Location of giant gas clouds where stars are born being mapped
Washington: Astronomers have started mapping the location of the most massive and mysterious objects in our galaxy - the giant gas clouds where new stars are born.
Using a telescope at Coonabarabran that narrowly escaped devastation in a recent bushfire, the University of New South Wales led team identifies the galactic clouds of molecular gas - which can be up to 100 light years across - from the carbon monoxide they contain.
Team leader Professor Michael Burton, of the UNSW School of Physics, said that on Earth, carbon monoxide is poisonous - a silent killer but in space, it is the second most abundant molecule and the easiest to see.
He said that one of the largest unresolved mysteries in galactic astronomy is how these giant, diffuse clouds form in the interstellar medium and this process plays a key role in the cosmic cycle of birth and death of stars.
The carbon monoxide survey of the Southern Milky Way is being carried out with the 22 metre Mopra millimetre wave telescope at Coonabarabran.
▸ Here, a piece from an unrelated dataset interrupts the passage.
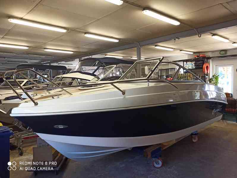 Výbava Standard, barevný pás na trupu (ocelově modrá), barevná konzole řízení (jet black), Vendeck, kajutové matrace Noble Lux dark brown/ macciato, křeslo řidiče Sunset jednobarevné, kokpitové matrace dvoubarevné Sunset/Meteor piké, skládací kabrio Dark Blue, převozní potah Dark Blue, lukna, příďová kotevní rolna, LED osvětlení kokpitu, klakson vestavný, přepojovač akumulátoru, lednice 30l, tlakový rozvod vody-56l nádrž+sprcha+dřez+čerpadlo, HPL Teak na podlaze - napodobenina, HPL teak stůl s nohou, koupací záďové platformy, nerezová konstrukce lyžaře, Mercury F 150 L PRO XS

While the adjoining workshop, office, and accommodation wing were destroyed in the bushfire in January, the telescope`s control room survived because it was encased in brick.
The international team is also searching for "dark" galactic gas clouds - unseen clouds that contain very little carbon monoxide. It is assumed these clouds are mostly made up of molecular hydrogen which is too cold to detect.
The team is using telescopes in Antarctica and Chile to search for these dark clouds, based on the presence of carbon atoms, rather than carbon molecules, in the clouds.
The study has been published in the journal Publications of the Astronomical Society of Australia.